Fate Therapeutics, Inc.,a biopharmaceutical company, presented preclinical anti-tumor data on ProTmune, its lead product to prevent acute graft-versus-host-disease (GvHD) and cytomegalovirus (CMV) infection in patients undergoing mobilized peripheral blood (mPB) hematopoietic cell transplantation (HCT). The results were presented during the recent BMT Tandem Meetings in Honolulu, Hawaii.
Last month, the U.S. Food and Drug Administration cleared a New Drug Application for ProTmune, and the company plans to begin enrolling patients for a randomized, controlled, multicenter, Phase 1/2 trial in adults with hematologic malignancies in mid-2016. The trial will evaluate ProTmune’s safety and tolerability, while assessing its potential to prevent acute GvHD and CMV infection.
“Acute GvHD is a leading cause of morbidity and mortality in immunocompromised patients undergoing allogeneic HCT. Therapeutic strategies aimed at addressing GvHD, including the use of systemic agents that suppress or deplete the immune system, can compromise or eliminate T cells, often leading to severe infections and disease relapse,” Scott Wolchko, president and chief executive officer of Fate Therapeutics, said in a press release. “These encouraging new preclinical data, which demonstrate that the cancer-fighting properties of ex vivo programmed donor T cells are maintained following adoptive transfer, continue to underscore the multi-dimensional therapeutic value proposition that we aim to deliver to HCT patients with ProTmune.”
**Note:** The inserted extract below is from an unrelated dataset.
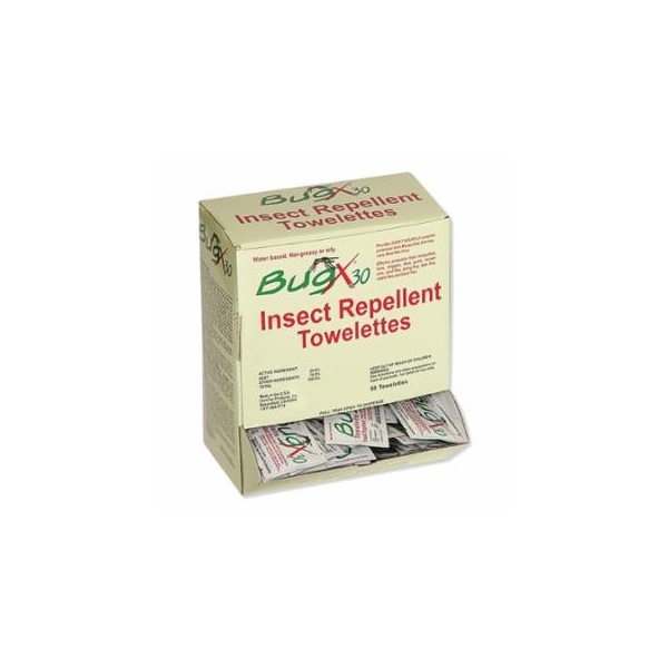 BugX30 DEET Wipe, 5mL, Packets, 50 per Box

ProTmune is a programmed cellular immunotherapy consisting of donor-sourced mobilized peripheral blood cells that have been functionally modulated using two small molecules (FT1050 and FT4145), enhancing the therapeutic properties of the donor cells ex vivo. The cells are then injected into patients in a single administration. The company intends to test the immunotherapy as an allogeneic hematopoietic cell source for HCT6.
Fate Therapeutics has evaluated the impact of FT1050-FT4145 modulation on the anti-tumor effector properties of donor T cells in a leukemia murine model. The data presented reveals that ex vivo programmed donor T cells have GvL activity, vital to eradicating residual cancer and recognizing the therapeutic potential of allogeneic HCT.
At the 2015 Annual Meeting of the American Society of Hematology, held in December 2015, Fate Therapeutics presented clinical data showing that the adoptive transfer of FT1050-FT4145 programmed mPB cells led to a decrease in GvHD scores and to a significant survival improvement in a murine model of allogeneic HCT, when compared to vehicle-treated cells.
The 2016 BMT Tandem Meetings, the combined annual meetings of the Center for International Blood and Marrow Transplant Research (CIBMTR) and the American Society of Blood and Marrow Transplantation (ASBMT), ran from Feb. 18 to Feb. 22.